-- Material for this task follows --

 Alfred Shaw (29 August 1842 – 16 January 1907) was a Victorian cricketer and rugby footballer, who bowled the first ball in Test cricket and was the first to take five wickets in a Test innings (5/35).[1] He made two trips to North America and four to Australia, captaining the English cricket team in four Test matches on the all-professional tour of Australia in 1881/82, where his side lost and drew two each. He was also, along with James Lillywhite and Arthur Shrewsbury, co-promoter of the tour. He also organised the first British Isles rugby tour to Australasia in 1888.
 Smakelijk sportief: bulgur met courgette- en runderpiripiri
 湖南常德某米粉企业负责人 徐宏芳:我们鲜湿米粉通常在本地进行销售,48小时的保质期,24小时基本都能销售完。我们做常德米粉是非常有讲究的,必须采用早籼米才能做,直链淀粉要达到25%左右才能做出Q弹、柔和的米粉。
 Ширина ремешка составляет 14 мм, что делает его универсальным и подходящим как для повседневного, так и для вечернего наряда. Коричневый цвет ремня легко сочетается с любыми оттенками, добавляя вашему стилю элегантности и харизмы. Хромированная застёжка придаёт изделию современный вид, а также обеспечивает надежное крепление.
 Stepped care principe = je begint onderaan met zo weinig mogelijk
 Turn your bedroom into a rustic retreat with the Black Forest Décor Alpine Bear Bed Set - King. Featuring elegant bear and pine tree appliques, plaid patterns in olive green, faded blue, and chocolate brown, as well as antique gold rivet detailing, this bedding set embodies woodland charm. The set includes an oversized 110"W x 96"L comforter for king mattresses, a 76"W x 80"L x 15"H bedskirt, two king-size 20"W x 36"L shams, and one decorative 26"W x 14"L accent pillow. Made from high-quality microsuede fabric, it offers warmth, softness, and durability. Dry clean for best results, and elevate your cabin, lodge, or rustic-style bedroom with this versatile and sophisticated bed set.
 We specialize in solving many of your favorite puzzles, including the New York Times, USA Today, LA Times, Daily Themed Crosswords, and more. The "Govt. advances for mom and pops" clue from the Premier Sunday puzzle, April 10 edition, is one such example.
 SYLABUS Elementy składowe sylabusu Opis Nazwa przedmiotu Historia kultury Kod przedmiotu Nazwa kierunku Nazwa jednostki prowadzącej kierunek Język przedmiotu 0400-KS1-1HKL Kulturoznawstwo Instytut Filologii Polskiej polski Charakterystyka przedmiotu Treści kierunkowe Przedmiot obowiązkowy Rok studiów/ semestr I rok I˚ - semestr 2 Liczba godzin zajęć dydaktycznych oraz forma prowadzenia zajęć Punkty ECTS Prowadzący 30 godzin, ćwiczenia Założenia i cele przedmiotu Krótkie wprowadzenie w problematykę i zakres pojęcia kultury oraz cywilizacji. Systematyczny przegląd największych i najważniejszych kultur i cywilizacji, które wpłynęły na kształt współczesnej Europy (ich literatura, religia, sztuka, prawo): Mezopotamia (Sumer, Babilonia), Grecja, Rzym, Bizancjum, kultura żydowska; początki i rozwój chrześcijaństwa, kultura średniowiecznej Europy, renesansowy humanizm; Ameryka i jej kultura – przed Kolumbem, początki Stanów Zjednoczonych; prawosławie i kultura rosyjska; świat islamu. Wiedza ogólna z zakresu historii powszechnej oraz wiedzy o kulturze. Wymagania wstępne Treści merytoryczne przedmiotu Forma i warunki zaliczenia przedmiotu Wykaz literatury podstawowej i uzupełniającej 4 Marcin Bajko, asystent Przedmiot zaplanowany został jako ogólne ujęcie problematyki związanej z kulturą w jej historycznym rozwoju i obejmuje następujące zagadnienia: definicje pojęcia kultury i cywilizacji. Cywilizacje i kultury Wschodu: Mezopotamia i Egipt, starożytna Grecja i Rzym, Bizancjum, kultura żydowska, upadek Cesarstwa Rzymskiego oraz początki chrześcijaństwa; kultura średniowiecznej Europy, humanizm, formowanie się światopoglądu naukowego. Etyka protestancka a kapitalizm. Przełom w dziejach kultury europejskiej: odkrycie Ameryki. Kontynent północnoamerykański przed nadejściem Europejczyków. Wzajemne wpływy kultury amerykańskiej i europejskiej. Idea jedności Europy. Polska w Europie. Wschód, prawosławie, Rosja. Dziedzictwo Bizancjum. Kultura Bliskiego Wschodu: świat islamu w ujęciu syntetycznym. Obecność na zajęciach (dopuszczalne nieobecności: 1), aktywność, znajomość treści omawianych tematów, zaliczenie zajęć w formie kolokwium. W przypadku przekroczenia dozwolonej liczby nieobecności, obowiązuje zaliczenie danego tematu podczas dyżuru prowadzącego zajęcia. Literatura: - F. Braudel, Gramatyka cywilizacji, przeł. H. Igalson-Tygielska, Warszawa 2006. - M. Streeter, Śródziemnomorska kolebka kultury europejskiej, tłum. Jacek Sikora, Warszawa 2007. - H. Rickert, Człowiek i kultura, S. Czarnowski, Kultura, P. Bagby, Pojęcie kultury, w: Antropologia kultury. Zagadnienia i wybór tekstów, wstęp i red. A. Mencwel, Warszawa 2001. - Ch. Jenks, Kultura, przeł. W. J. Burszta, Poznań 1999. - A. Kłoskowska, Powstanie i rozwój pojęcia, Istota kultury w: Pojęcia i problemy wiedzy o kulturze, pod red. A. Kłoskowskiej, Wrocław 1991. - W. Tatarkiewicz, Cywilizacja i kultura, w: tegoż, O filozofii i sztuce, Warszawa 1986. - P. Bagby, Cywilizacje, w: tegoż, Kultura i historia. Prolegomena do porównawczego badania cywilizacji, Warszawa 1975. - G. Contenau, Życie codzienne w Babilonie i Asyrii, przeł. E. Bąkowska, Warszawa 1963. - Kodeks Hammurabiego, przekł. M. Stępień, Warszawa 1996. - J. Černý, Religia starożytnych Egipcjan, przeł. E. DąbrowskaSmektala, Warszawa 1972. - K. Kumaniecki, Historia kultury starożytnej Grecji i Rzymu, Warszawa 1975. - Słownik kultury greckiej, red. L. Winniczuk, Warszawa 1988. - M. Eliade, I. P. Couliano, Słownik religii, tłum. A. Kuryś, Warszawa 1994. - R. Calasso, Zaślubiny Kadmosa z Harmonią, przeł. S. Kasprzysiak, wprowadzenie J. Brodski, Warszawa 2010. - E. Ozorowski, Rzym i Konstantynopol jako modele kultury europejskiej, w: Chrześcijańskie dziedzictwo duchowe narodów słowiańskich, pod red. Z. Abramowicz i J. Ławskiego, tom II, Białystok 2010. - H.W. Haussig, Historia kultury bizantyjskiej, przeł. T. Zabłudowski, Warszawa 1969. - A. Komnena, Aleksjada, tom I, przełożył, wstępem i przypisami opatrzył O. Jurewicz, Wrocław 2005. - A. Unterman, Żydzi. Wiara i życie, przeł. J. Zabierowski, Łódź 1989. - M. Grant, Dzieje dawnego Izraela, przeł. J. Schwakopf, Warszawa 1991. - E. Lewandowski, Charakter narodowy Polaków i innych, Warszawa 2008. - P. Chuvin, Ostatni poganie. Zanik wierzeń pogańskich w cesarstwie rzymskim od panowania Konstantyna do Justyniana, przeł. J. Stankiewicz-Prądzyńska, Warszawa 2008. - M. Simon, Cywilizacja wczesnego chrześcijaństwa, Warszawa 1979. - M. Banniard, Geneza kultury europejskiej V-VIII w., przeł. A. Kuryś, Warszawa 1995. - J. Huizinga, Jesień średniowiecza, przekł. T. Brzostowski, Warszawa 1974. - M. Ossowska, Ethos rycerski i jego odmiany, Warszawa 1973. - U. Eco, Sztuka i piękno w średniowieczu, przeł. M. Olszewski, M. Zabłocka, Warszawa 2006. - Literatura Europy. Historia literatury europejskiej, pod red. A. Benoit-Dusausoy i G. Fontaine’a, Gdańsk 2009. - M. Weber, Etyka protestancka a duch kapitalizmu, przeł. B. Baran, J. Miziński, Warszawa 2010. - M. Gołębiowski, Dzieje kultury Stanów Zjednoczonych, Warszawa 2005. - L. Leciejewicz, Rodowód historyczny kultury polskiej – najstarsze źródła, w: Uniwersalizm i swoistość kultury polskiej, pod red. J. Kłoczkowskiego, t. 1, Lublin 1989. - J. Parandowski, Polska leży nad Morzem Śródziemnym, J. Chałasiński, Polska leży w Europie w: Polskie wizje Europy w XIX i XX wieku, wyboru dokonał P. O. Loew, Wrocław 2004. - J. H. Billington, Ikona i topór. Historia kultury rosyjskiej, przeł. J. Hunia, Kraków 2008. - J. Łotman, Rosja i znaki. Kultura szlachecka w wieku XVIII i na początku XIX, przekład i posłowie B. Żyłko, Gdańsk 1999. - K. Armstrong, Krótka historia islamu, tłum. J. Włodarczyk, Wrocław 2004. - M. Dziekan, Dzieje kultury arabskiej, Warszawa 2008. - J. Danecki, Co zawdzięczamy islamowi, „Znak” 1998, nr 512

-- Material for this task concluded --

Look above for the line with "Smakelijk sportief: bulgur"; retype exactly that line, every line after it up to the line with "湖南常德某米粉企业负责人 徐", and that line too, nothing else.

* _Written reply_
 Smakelijk sportief: bulgur met courgette- en runderpiripiri
 湖南常德某米粉企业负责人 徐宏芳:我们鲜湿米粉通常在本地进行销售,48小时的保质期,24小时基本都能销售完。我们做常德米粉是非常有讲究的,必须采用早籼米才能做,直链淀粉要达到25%左右才能做出Q弹、柔和的米粉。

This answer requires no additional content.